Who's crowding California's jails



Bail

According to a new report, California's jails are full of people who can't afford bail.


California's county jails are overcrowded, and a new report from the Center on Juvenile and Criminal Justice, a criminal justice reform think tank based in San Francisco, says much of the blame lies with California's commercial bail bond system. In "The Commercial Bail  Industry: Profit or Public Safety?" author Amanda Gullings warns that jails will remain overcrowded until they develop alternatives to monetary bail.


According to the report, a large number of people are sitting in California jails because they can't afford bail. Seventy-one percent of California's jail population is pretrial--meaning, people are locked up in county jail but not because they've been convicted of a crime. There are various reasons these inmates are locked up despite not having been found guilty yet--immigration holds, warrants in other states--and the actual number of bailable inmates sitting  behind bars varies from county to county.


In Los Angeles County, roughly 33.75 percent of the county's jail inmates could be out of jail if they could afford (or, in some cases, chose to afford) bail, according to a report prepared last month for the Los Angeles County Sheriff's Department (LASD). Another 11.25 percent are being held without bail by a judge. Theoretically, that means Los Angeles could have about 5,500 fewer jail inmates, if those inmates could afford to bail themselves out, or pay for the standard 8-10 percent premium charged by most commercial bail bonds companies.


This population of bailable, unsentenced inmates is becoming a hot topic for sheriff's departments around the state, as prison realignment kicks into gear. Under realignment, a large number of convicted offenders who used to be sent to state prison have become the domain of county sheriff's departments. LASD expects the daily jail population in LA to increase by 7,000 inmates by the end of 2014.


Steve Whitmore, spokesman for LA Sheriff Lee Baca, says Baca is focused on the bailable population "like a laser beam." Actually doing anything to get that population onto bail alternatives, like ankle bracelet monitoring, is a complicated process, he says. "It's a very difficult negotiation and everyone has to be involved, like the Board of Supervisors."

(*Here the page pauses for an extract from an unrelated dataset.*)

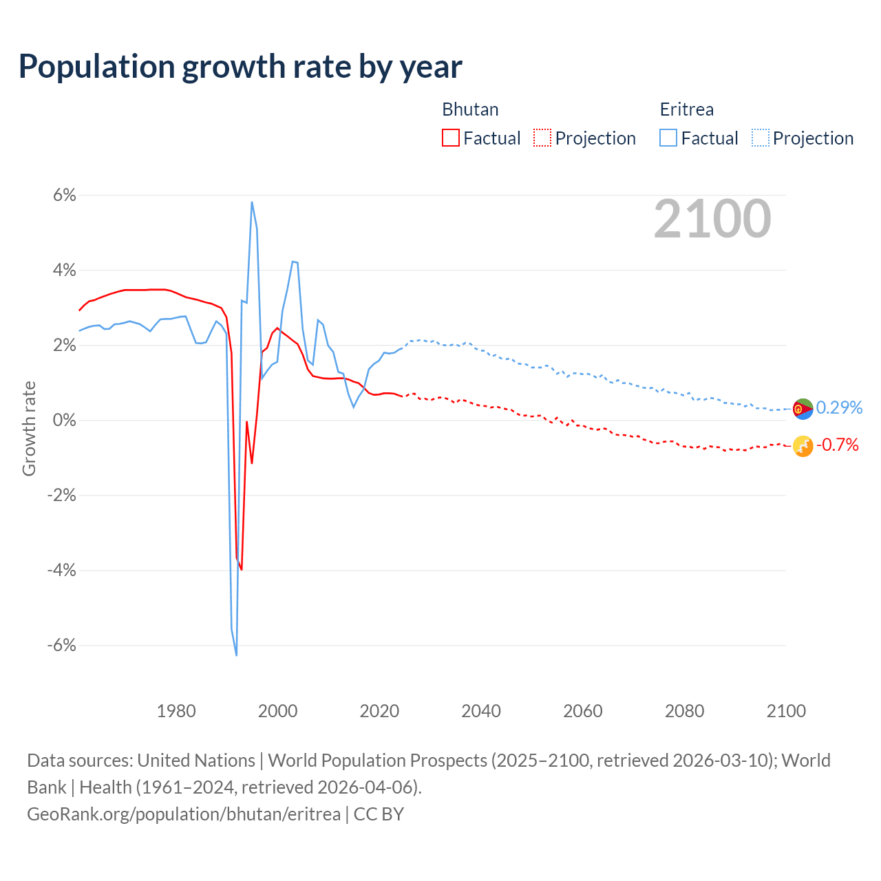 - For the last 10 years, Bhutan has had an average growth rate of +0.8% per year vs +1.28% in Eritrea.
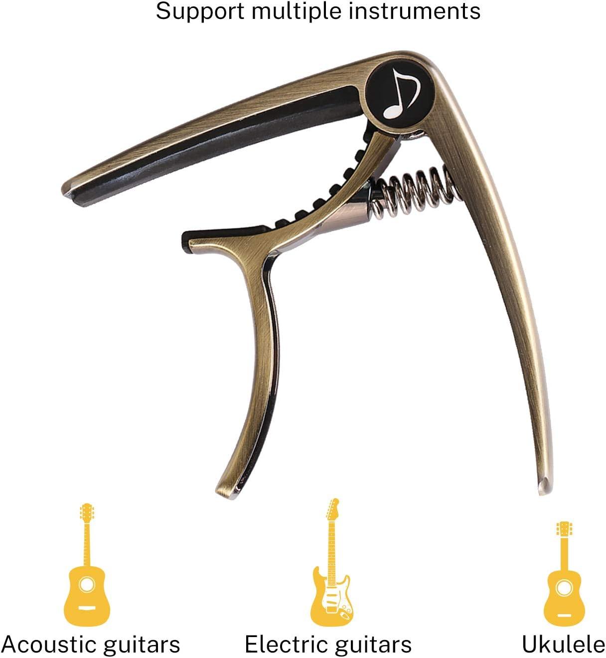 Ease of Use Across Instruments: Designed to fit a variety of stringed instruments including electric and acoustic guitars, ukuleles, banjos, and mandolins, this capo features a smooth surface and an ergonomic handle for effortless use

CJCJ's Gullings says the coming political battle over the pretrial population will be fierce, with the bail industry lobby playing a big role. Between 2000 and 2012, the bail lobby spent $456,480 on political campaigns in California, according to Gullings.


"Right now is a real pivotal moment for the bail industry to sort of undermine the accountability of pretrial services," she says. "Because this is an opportunity for counties to really expand those pretrial services if that’s what they wish to do."


But those in the bail industry insist that bail is still the most effective form of pretrial release. Eric Granof, chief marketing officer for AIA, the largest underwriter of bail bonds in the country, says the bail industry is widely misunderstood because the media perpetuates the "Dog the Bounty Hunter" image of bail agents as just in it for the money. Really, Granof says, they're insurance agents who perform a professional service. Bail, he says, serves its purpose.


"When someone has money on the hook, they’re going to show up,"says Granof. "When they have something on the hook that affects a family member, they’ll show up. When a bail agent has financial responsibility and they’re on the hook, they’re going to make sure that person shows up."


As for political influence, Granof says, "just like any other industry, we have lobbyists, ok? Is it big lobbyists, like the automobile industry or tobacco? It’s nothing like that."


There's a role for pretrial services, Granof says. "Our issue is that we think sometimes it goes a little too far."


That debate is just at its inception: what to do with the pretrial population to free up jail space for new inmates will be a county-by-county battle in California.